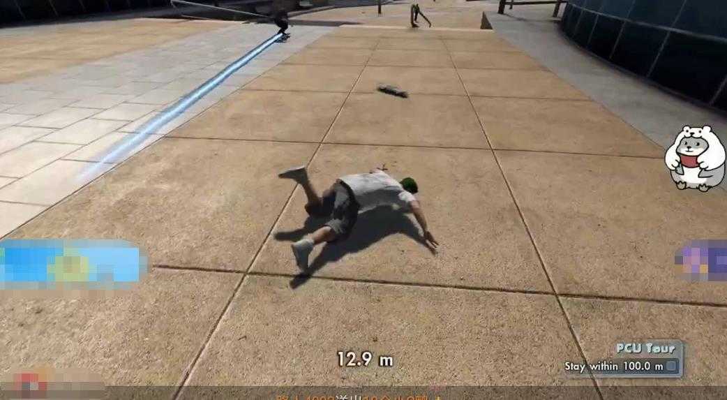 别看秦川是国内首屈一指的主机大佬,但对这款游戏还不是很熟悉。仅一个简简单单的豚跳和180°板翻便联系了好长时间。游戏中,一位教练一直在前面引路,并指引秦川沿着他的轨迹滑行。起初为了完成任务,教练在前面做什么动作,秦川便在后面模仿什么动作。然而几个回合下来,秦川的骨头都要摔散架了,脸上更是鼻青脸肿。
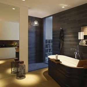 Muebles, lavabos, bañeras, duchas, griferías, mamparas, cerámicas, papeles pintados, iluminación. Aliaga combina todos los elementos para diseñar el baño pensado.
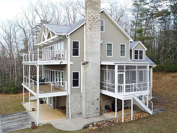 REDUCED PRICE! Beautiful 4 bedroom 3 1/2 bath home has a beautiful country side views from this immaculate 3 story home situated on 61 acres in Patrick County! Home has a little over 3400 square ft. of living area that includes 4 bedrooms and 3 1/2 baths with an elevator! Love to entertain? Main floor features a beautiful open kitchen with hardwood cabinets, tile flooring, granite counter tops and stainless appliances. Large living area with floor to ceiling rock fireplace. Master bedroom with 2 walk-in closets, master bath with jacuzzi tub, walk-in shower and double sinks. Also on the main floor, enjoy your morning coffee in the peacefulness of the outdoors on the large screened-in porch. Ride the elevator to the second floor where you will find another large living area, 3 bedrooms and 1 full bath. This house comes completely furnished with nice furniture.
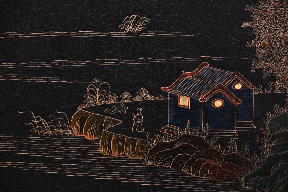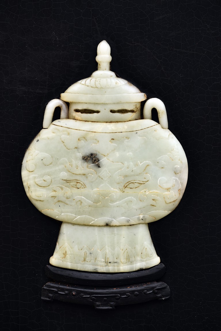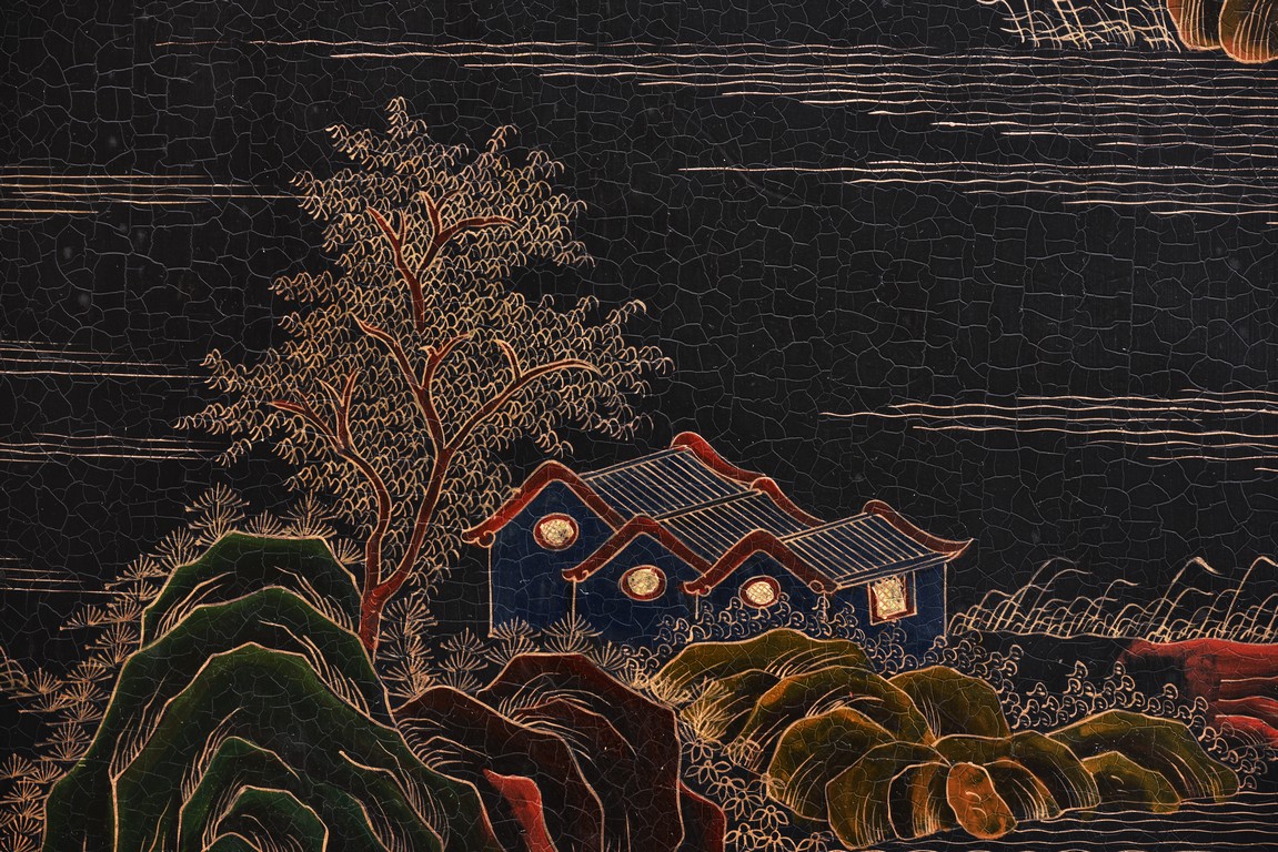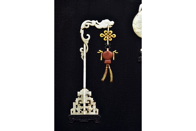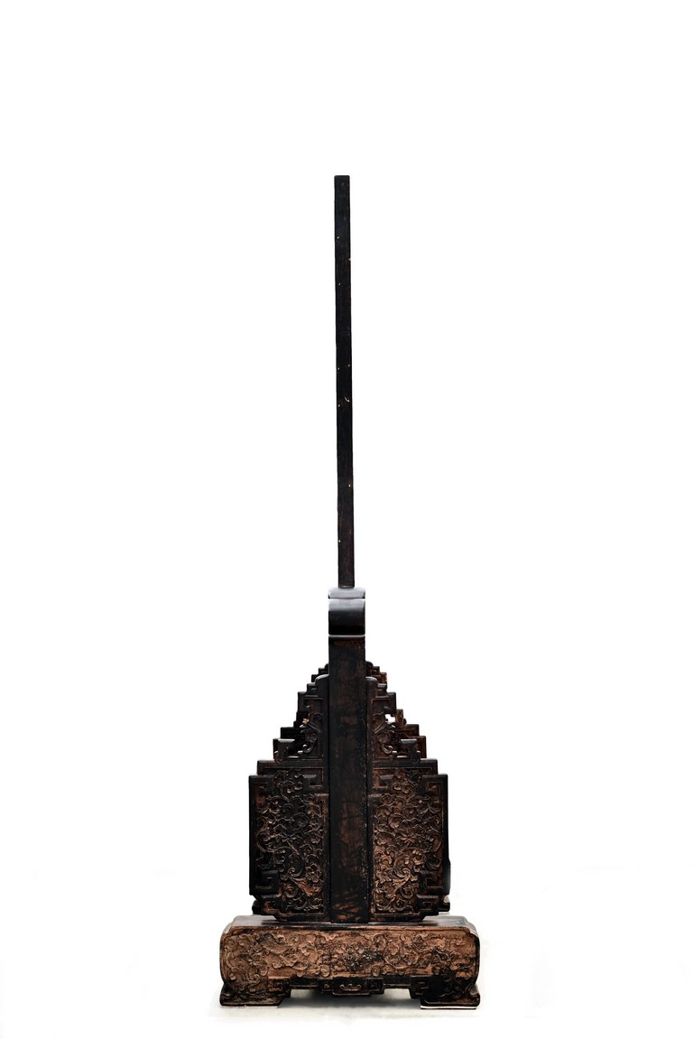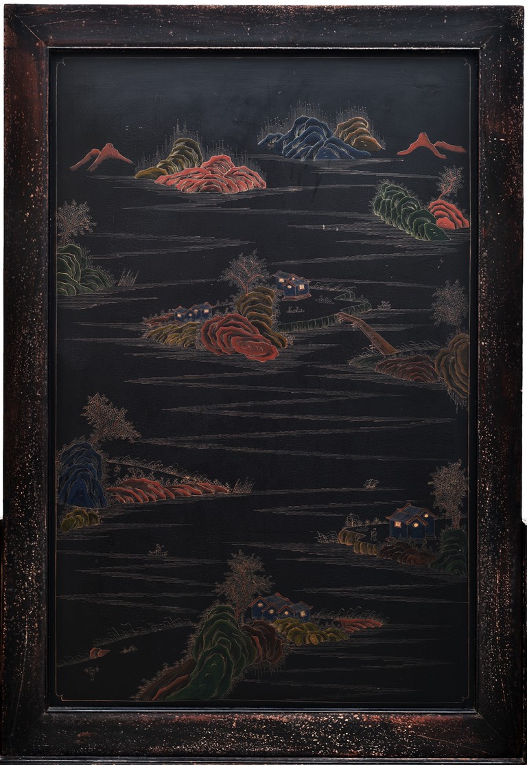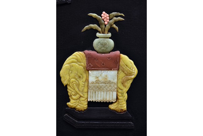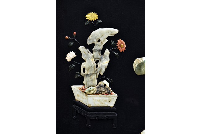 The panel is finely inlaid in white jade,yellow jade,spinach jade,black jade,and agate with precious and scholarly objects,including a yellow jade elephant,back draped with white jade and agate blanket,supporting a spinach jade vase containing flower and leaves; an archaistic white jade vessel ding and a spinach jade ruyi with yellow jade tassel; a white jade 'buddhist hand' on a black jade stand,etc. The upper right hand further embellished in white jade with an imperial poem. The reverse gilt-painted with scene of mountains and islands landscape,all reserved on black lacquer ground and set into a hongmu base carved on the aprons and spandrels with intricate stylized floral scrolls. Qing Dynasty period.

# What the exercise asks:
Where pictures appear, drop them, and reproduce exactly only the lines running from the beginning of the data to the line that contains "el baño pensado.", inclusive.

# Answer for this exercise:
 别看秦川是国内首屈一指的主机大佬,但对这款游戏还不是很熟悉。仅一个简简单单的豚跳和180°板翻便联系了好长时间。游戏中,一位教练一直在前面引路,并指引秦川沿着他的轨迹滑行。起初为了完成任务,教练在前面做什么动作,秦川便在后面模仿什么动作。然而几个回合下来,秦川的骨头都要摔散架了,脸上更是鼻青脸肿。
 Muebles, lavabos, bañeras, duchas, griferías, mamparas, cerámicas, papeles pintados, iluminación. Aliaga combina todos los elementos para diseñar el baño pensado.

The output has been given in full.